# 403 forbidden msg



## danahhoh (Apr 5, 2015)

Two 403 forbidden msgs when i hit accept ping. Then it says rider cancelled. This is over 2 days. 
Any ideas if its ubers issue or other?


----------



## Uber Kraus (Jun 10, 2015)

They don't know what it is.

It's happened to me a few times and I get this response about turning off my WiFi (which I don't run while Ubering).


----------



## LAuberX (Jun 3, 2014)

I am waiting for more answers on this one... I can trigger it by accepting the ping at the last second, then I get the "403 Forbidden"
not every time, but quite a bit.


----------



## Casuale Haberdasher (Dec 7, 2014)

LAuberX said:


> I am waiting for more answers on this one... I can trigger it by accepting the ping at the last second, then I get the "403 Forbidden"
> not every time, but quite a bit.


POST # 3/LAuberX: What ISN'T "403
Forbidden" is Access to
Your Stellar UPNF Approval Rating:

https://uberpeople.net/posts/338664

Bison Admiring.


----------



## ginseng41 (Nov 30, 2014)

Has this ever been solved? I was out of the country from the end of June through early august. Uber replies with their useless boilerplate then closes the case.
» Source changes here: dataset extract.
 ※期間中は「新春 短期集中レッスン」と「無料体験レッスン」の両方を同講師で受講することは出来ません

It's causing me to be unable to accept requests sometimes and I can't always log off.


----------



## Michael - Cleveland (Jan 1, 2015)

danahhoh said:


> Two 403 forbidden msgs when i hit accept ping. Then it says rider cancelled. This is over 2 days.
> Any ideas if its ubers issue or other?


When I first saw these 403 forbidden messages I thought the app was screwing up and making me miss ride requests...
but now I'm pretty sure that they are just canceled requests and network lag is causing the error to display.

403 Forbidden is a web error message that means that access to the content the app is trying to access is 'forbidden' - the app is not authorized to get to that info. It is *likely* that we get this message when we try to accept a ride request that has already been canceled - either by the rider, or the system which has now sent the request to another driver (which is why we see it more often when we try to wait till the last second to accept the request).

EDIT:
Even 'real-time' isn't REAL time... when we hit 'accept', that has to get to the server, which takes time - and a slow data connection can ruin your ability to accept a ride request quickly... try not to wait till the last few seconds.
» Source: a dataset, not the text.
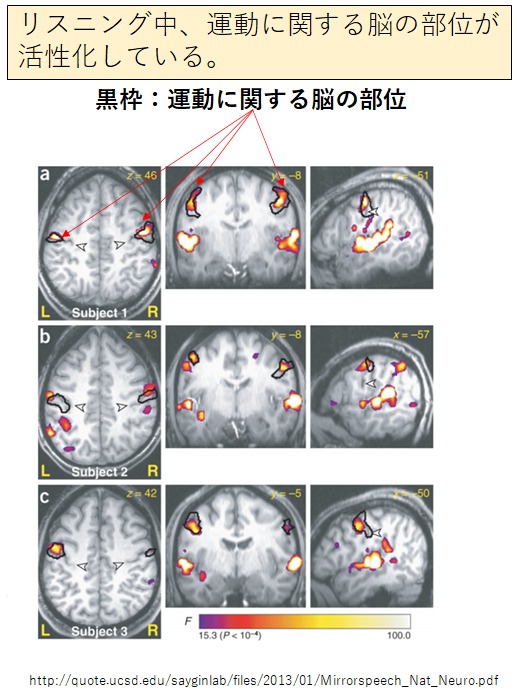 - 音を聞いたときに、「運動」に関する脳の部位が活動していることがわかった(黒く囲われた箇所が「運動」に関する脳の部位)

Understanding that '_by the system_' part is important...
because if the system didn't cancel you first before sending the request to the next driver,
it would be possible for two drivers to accept the same ride request.
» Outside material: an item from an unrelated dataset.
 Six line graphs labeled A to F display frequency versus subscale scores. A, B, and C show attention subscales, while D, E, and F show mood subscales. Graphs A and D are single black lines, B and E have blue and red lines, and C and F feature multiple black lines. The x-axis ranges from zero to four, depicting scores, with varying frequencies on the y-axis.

If anyone knows differently, let us know!


----------



## ginseng41 (Nov 30, 2014)

I've actually determined that it happens when my VPN is enabled so it's a connection issue


----------



## Michael - Cleveland (Jan 1, 2015)

ginseng41 said:


> I've actually determined that it happens when my VPN is enabled so it's a connection issue


From Uber's API developer notes:
403 forbidden 
This user is forbidden from making a request at this time​
If you are seeing this error when connected through your VPN then you have a problem with oAuth 2 being passed through your VPN security settings. In any case, most drivers don't run the drivers app through a proxy or VPN... they connect via their mobile service. I am often running the app from wifi... so with your observation about VPNs in mind, I'll have to pay attention to see if I get the 403 error more often over wifi than a direct mobile data connection.


----------



## ginseng41 (Nov 30, 2014)

It's way worse over wifi


----------



## Michael - Cleveland (Jan 1, 2015)

ginseng41 said:


> It's way worse over wifi


I'll have to pay attention. My wifi (when driving) is a hotspot from one of my mobile devices.
This does seem to indicate that the best way avoid the 403 error is to:
1. avoid trying to accept during the last few seconds
2. use a direct data connection through the mobile network

So maybe the 'mystery' is solved, while the 'problem' persists?


----------



## Michael - Cleveland (Jan 1, 2015)

ginseng41 said:


> It's way worse over wifi


Well, with a direct mobile connection I waited until the last few seconds of a ping before tapping to accept the request - and I got the error. 
Note to self: accept as quickly as possible and then cancel if you don't want the ride.


----------



## Mr_B (Jun 13, 2015)

Michael - Cleveland said:


> _Driving X & SELECT_


I have found "Select" mentioned (and even listed as a category) a few times. Am I correct that it only exists in certain markets or do I need to study the list here in NJ again?

(Sorry about off topic.)


----------



## pizza guy (Jul 23, 2015)

Uber hates Wi-Fi. Considering the absurd amount of data Uber uses I try to spend my dead time at home on my own Wi-Fi. I learned not to interact with Uber while going into or out of range of my home Wi-Fi. Today I got a request in my building. Accepted ride on home Wi-Fi and pax instantly notified of arrival. I left my home Wi-Fi as I walked to the parking lot but returned to it after driving back to the front of my building. Something weird happened after I started ride and left Wi-Fi and ended up with a 12 sec ride. Pax re-requested and I completed trip. Uber conveniently doesn't have a help category labeled 'tech problems' so I reported under serious rider concern and they 'appreciated my integrity' when I asked for first ride charges to be removed. 
I've had 3 pings in 2 days to my 60 unit building so fortunately this is actually a real issue for me.


----------



## Michael - Cleveland (Jan 1, 2015)

Mr_B said:


> I have found "Select" mentioned (and even listed as a category) a few times. Am I correct that it only exists in certain markets or do I need to study the list here in NJ again?


SELECT is just another 'service level' offered by Uber in some markets - usually as the market becomes more mature. 
It is for 'newer' luxury cars (mercedes, lexus, bmw, cadillac, lincoln, etc) and the rates are about double UberX.


----------



## Michael - Cleveland (Jan 1, 2015)

pizza guy said:


> Uber hates Wi-Fi. Considering the absurd amount of data Uber uses I try to spend my dead time at home on my own Wi-Fi. I learned not to interact with Uber while going into or out of range of my home Wi-Fi.


I don't have a problem with Uber on wifi and prefer it... I just have to avoid trying to accept a ping in the last few seconds... otherwise it's fine for me... but I don't live in a building like yours!


----------